C’è un romanzo di Lewis Shiner, un autore di fantascienza poco conosciuto in Italia, appartenente a quel gruppo in apparenza di squinternati che risponde al nome degli autori cyberpunk, poi vorrei prima o poi capire cosa mai avrebbero di squinternato personaggi come William Gibson, Bruce Sterling o il professore di matematica Rudy Rucker, per altro, un romanzo dal titolo Glimpses, che starebbe per “sguardi”, e che in italiano è diventato assai più didascalicamente Visioni rock. È uscito nel 1993 in America, e da noi nel 1999, per la collana mai a sufficienza celebrata Avant Pop, di Fanucci, curata da quei due portenti di Mattia Carratello e Luca Briasco, il Dio dell’editoria ce li conservi ancora a lungo. È la storia di un reduce di guerra, Ray Shackelford, di professione tecnico di impianti stereo, disincantato per quel che il mondo è diventato, i tanti sogni infranti con la fine degli anni Sessanta e l’arrivo di quello che in queste lande è stato chiamato edonismo reaganiano, deluso e disilluso. Ray però ha un dono, che a un certo punto gli si presenta di fronte, quello di attraversare il tempo e di poter tornare nel passato, anche in quello prossimo. Per questo, grande appassionato di musica e convinto che una determinata musica rappresentasse una parte fondante di quei sogni ormai infranti, Ray decide di tornare nel passato per portare a termine quegli album su cui tanto si è vagheggiato, ma che non hanno mai visto la fine. Quindi ecco comparire i Beatles, ecco Brian Wilson dei Beach Boys, ecco Jimi Hendrix. Un guardare a un’epoca che aveva davvero provato a rendere solide delle promesse, dei sogni, come una strana forma di nostalgia, quella di cui parlavo prima, l’assenza e la memoria, e come noi si tenda a ricostruire la realtà nella memoria, nello specifico qui esplicitata, con la realtà rivista e corretta attraverso un superpotere, un dono irreale e impossibile.
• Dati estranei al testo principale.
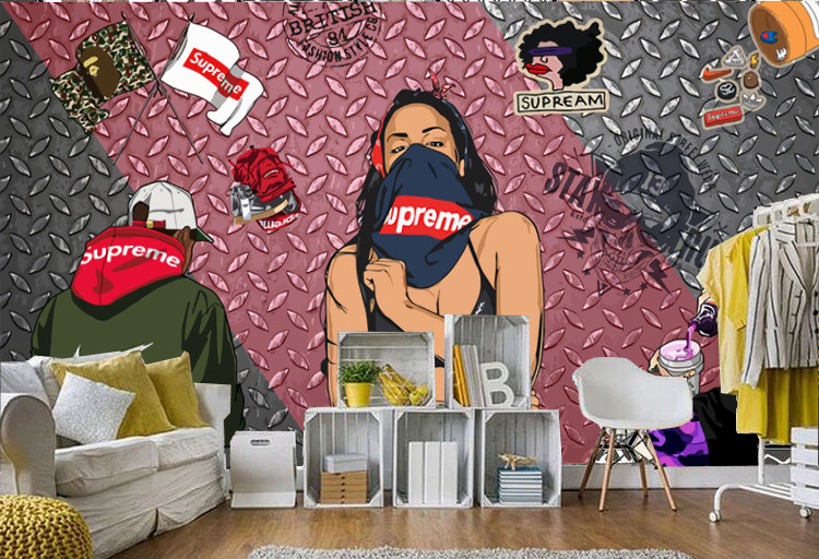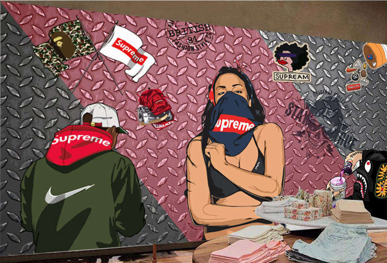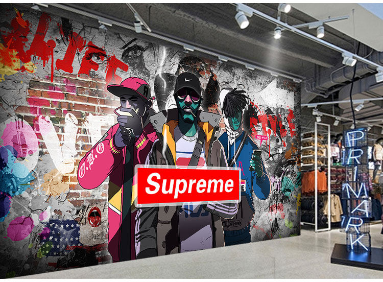 Supreme Brand Wall Decorative Foine Wall Wallpaper Творческая тенденция модная мужская магазин одежды простые обои
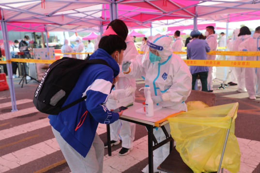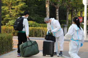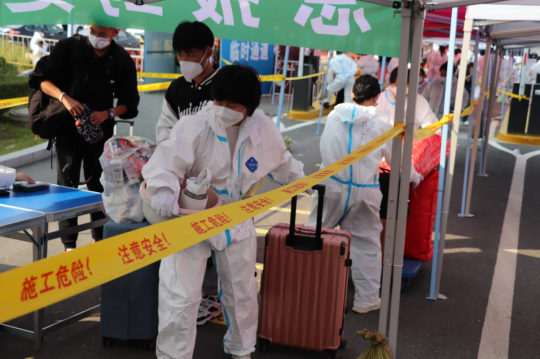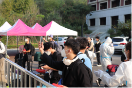 凌晨2时50分,第一辆迎新校车抵达校门口。“同学您好”,“同学请出示您的健康码、行程卡”,“同学请这边做核酸。”在教师志愿者的亲切引导下,同学们有序完成扫描校园场所码,核酸检测及“五核验一测温”等程序,无异常后闭环进入寝室。
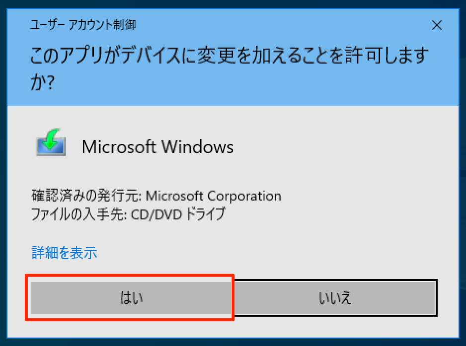 - マウントした画面の「setup.exe」をダブルクリックし,「このアプリがデバイスに変更を加えることを許可しますか?」で [はい] をクリックする。
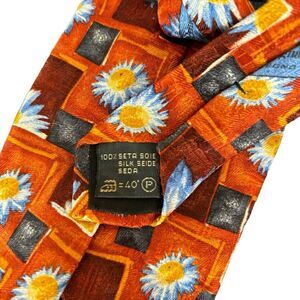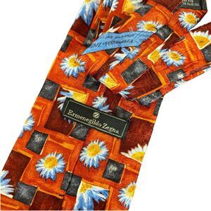 Ermenegildo Zegna Silk Exclusive Orange Blue Flower Box Tie Men's
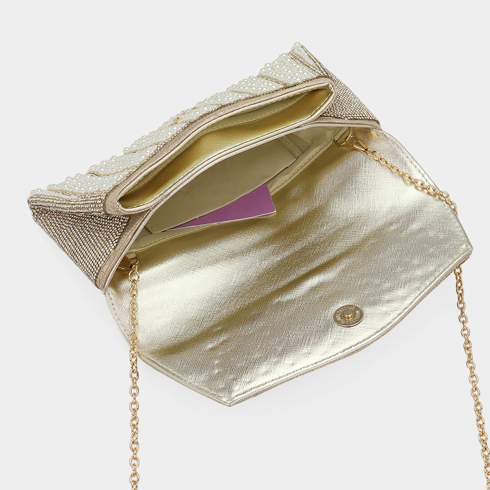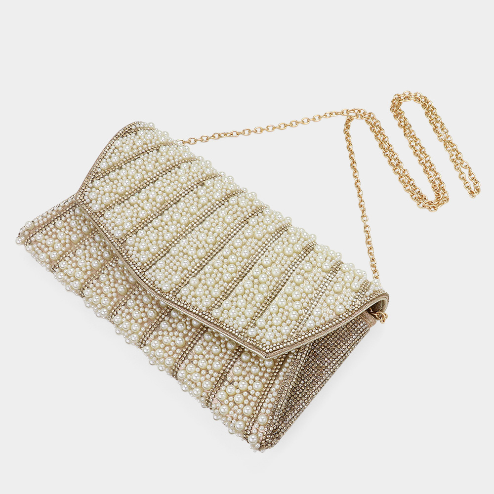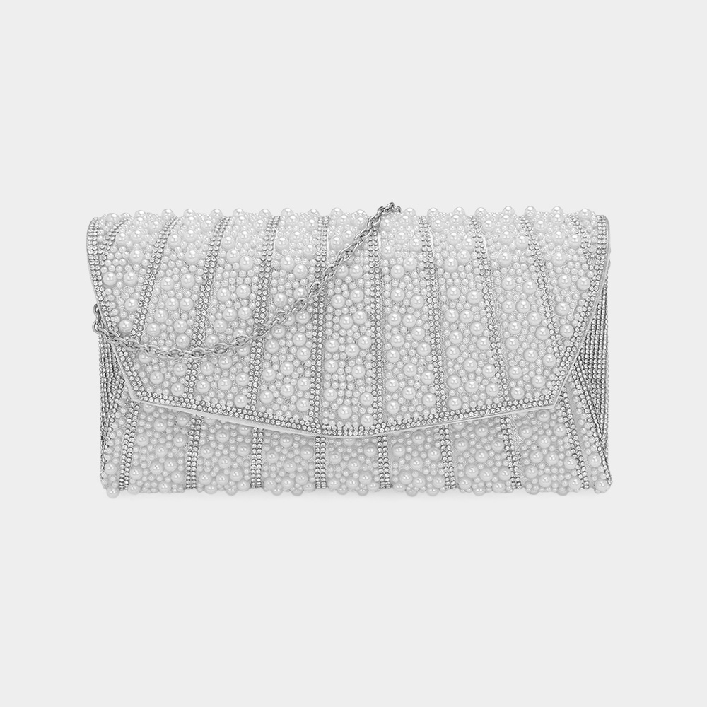 Pearl Stone Bling Embellished Flap Evening Clutch Bag

Un guardare, quindi, più a quello che sarebbe potuto essere che a quello che è stato, un mostrare quello che siamo attraverso una alternativa alta e utopistica, la musica a fare non tanto da colonna sonora, ma proprio da binario sul quale far correre la realtà.

Condivido in toto l’assunto di Shiner per cui la musica è parte fondante di un’epoca, e guardare alla musica sia una maniera concreta e anche fondamentale non solo per capirla, ma per affrontarla. Non a caso io sono uno scrittore che applica la scrittura prevalentemente alla musica e Shiner un narratore appartenente a un gruppo di autori che hanno dato vita a un genere che dalla musica prende parte del nome, il cyberpunk, appunto. Per questo mi domando come oggi David Foster Wallace ci aiuterebbe a decifrare la contemporaneità, e anche come Prince porterebbe avanti la sua idea di musica, sempre rivoluzionaria e in anticipo sui tempi come è stata. Perché sono convinto che le parole di David Foster Wallace sarebbero davvero capaci di fornirci una chiave di lettura efficace, al momento introvabile, e perché credo che sapere da chi la musica l’ha sempre creata con qualche anno di anticipo, dove la musica andrà a parare ci potrebbe ulteriormente aiutare a sapere a cosa stiamo andando incontro, dandoci modo non solo di prepararci psicologicamente, possiamo sempre assumere posizione a uovo e sperare che tutto questo prima o poi finisca, che il predatore si stanchi di noi preda, o che pensi che siamo morti e ci lasci in pace, quanto piuttosto a azzardare una qualche resistenza, tirare su palizzate, scavare fossati, provare in qualche modo a difenderci.

In assenza di questo, nell’impossibilità, cioè, di svegliarci domattina col dono di Ray Shackelford, mi accontenterei anche solo di sapere come vedrebbe una fondamentale opera incompiuta di Prince lui, Lewis Shiner, autore decisamente poco parco nello scrivere opere di narrativa, ma talmente illuminato da essere comunque assumibile come punto di riferimento. Certo, il fatto che i forzieri di Prince siano pieni di inediti, a breve ne uscirà uno, attesissimo, potrebbe essere indicato come aver guardato nella direzione sbagliata, ma non è mica di quello che non ho ancora ascoltato ma che è stato prodotto nel passato che ho bisogno, o meglio, ho anche bisogno di questo, ma so che prima o poi succederà, è più la possibilità impossibile di trovare qualcosa che non è mai accaduto, e che comunque saprebbe dirmi sull’oggi più di quanto l’oggi stesso non faccia che mi crea quell’ennesimo senso di assenza, un lutto inguaribile, un vuoto incolmabile.